* _Material provided_:
⟨
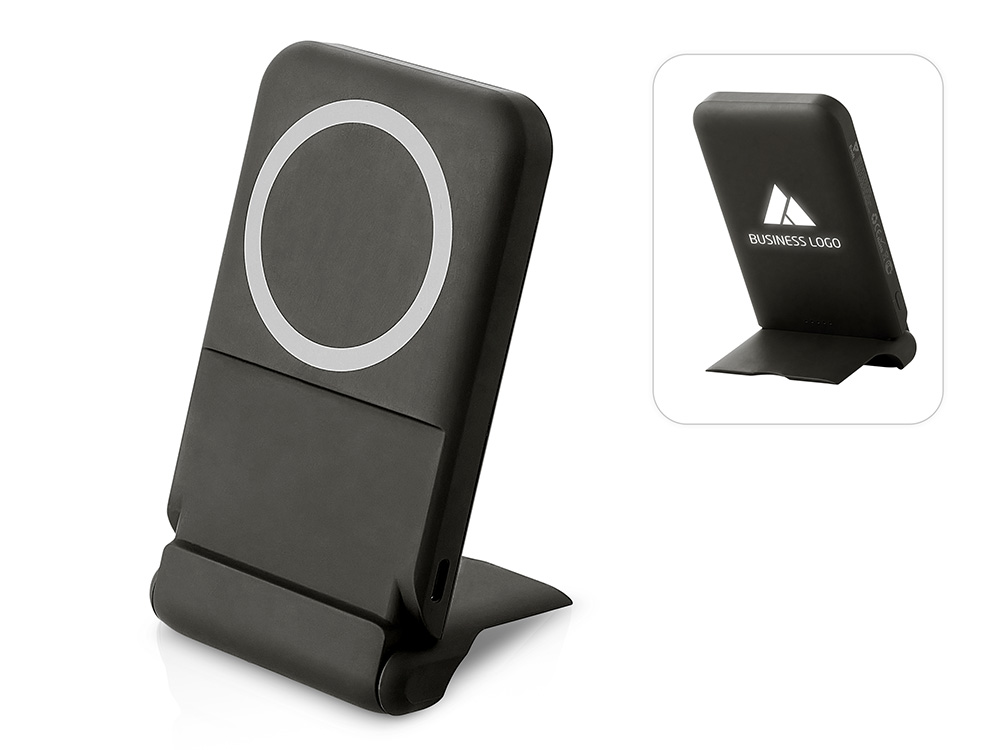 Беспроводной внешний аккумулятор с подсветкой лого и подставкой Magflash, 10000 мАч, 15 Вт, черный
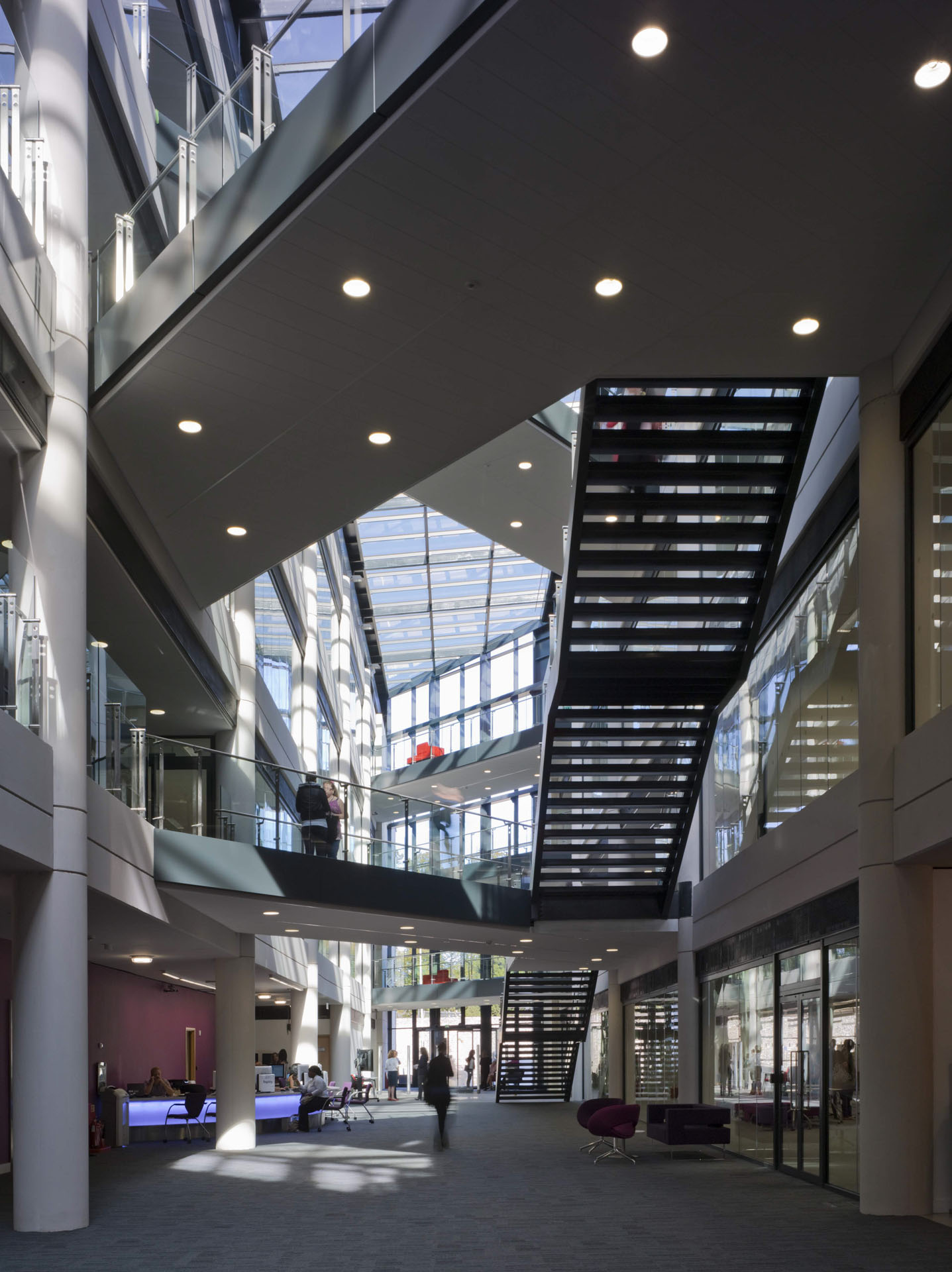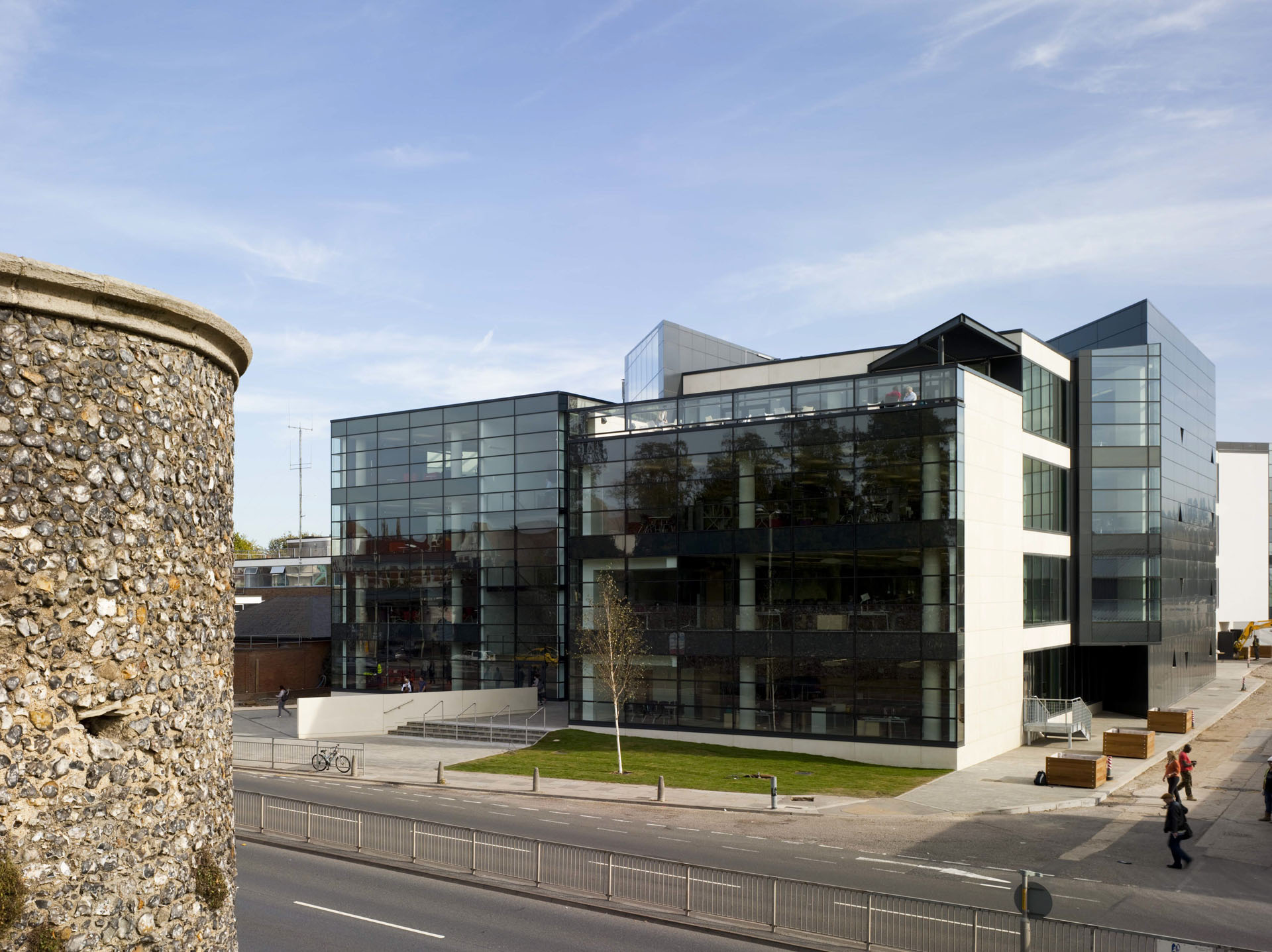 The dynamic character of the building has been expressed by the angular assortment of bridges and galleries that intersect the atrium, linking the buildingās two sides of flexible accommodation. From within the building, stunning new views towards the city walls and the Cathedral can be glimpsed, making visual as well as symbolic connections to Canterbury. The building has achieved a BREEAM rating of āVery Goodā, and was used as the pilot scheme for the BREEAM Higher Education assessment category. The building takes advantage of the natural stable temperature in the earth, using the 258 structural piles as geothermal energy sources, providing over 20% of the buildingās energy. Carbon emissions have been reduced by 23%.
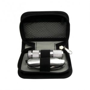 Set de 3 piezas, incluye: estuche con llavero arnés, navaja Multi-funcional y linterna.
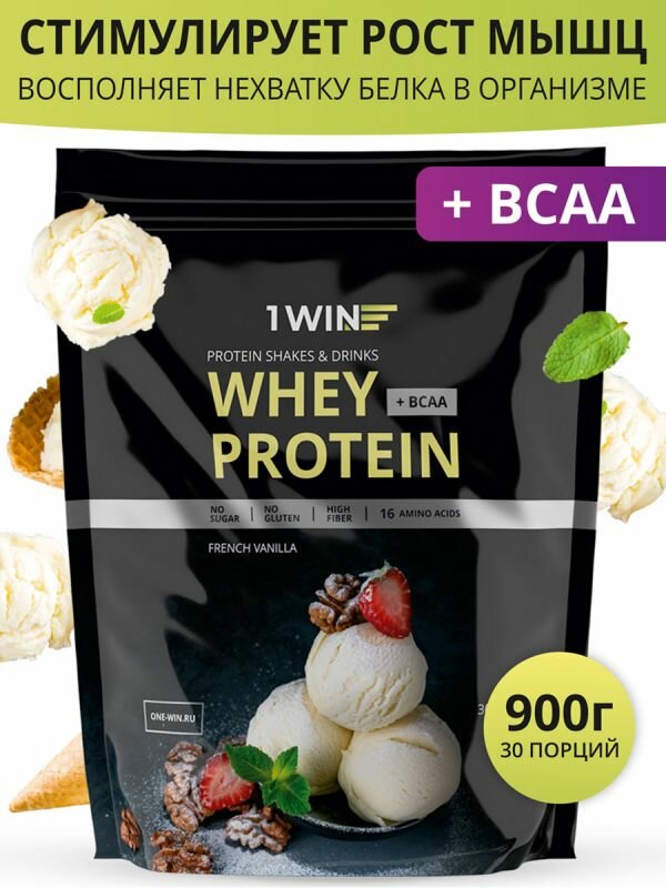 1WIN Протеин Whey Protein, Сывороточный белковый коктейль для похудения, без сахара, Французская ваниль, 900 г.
⟩
* _Work to complete_: Set down all of the data word for word; no pictures belong in it.

* _Your solution_:
 Беспроводной внешний аккумулятор с подсветкой лого и подставкой Magflash, 10000 мАч, 15 Вт, черный
 The dynamic character of the building has been expressed by the angular assortment of bridges and galleries that intersect the atrium, linking the buildingās two sides of flexible accommodation. From within the building, stunning new views towards the city walls and the Cathedral can be glimpsed, making visual as well as symbolic connections to Canterbury. The building has achieved a BREEAM rating of āVery Goodā, and was used as the pilot scheme for the BREEAM Higher Education assessment category. The building takes advantage of the natural stable temperature in the earth, using the 258 structural piles as geothermal energy sources, providing over 20% of the buildingās energy. Carbon emissions have been reduced by 23%.
 Set de 3 piezas, incluye: estuche con llavero arnés, navaja Multi-funcional y linterna.
 1WIN Протеин Whey Protein, Сывороточный белковый коктейль для похудения, без сахара, Французская ваниль, 900 г.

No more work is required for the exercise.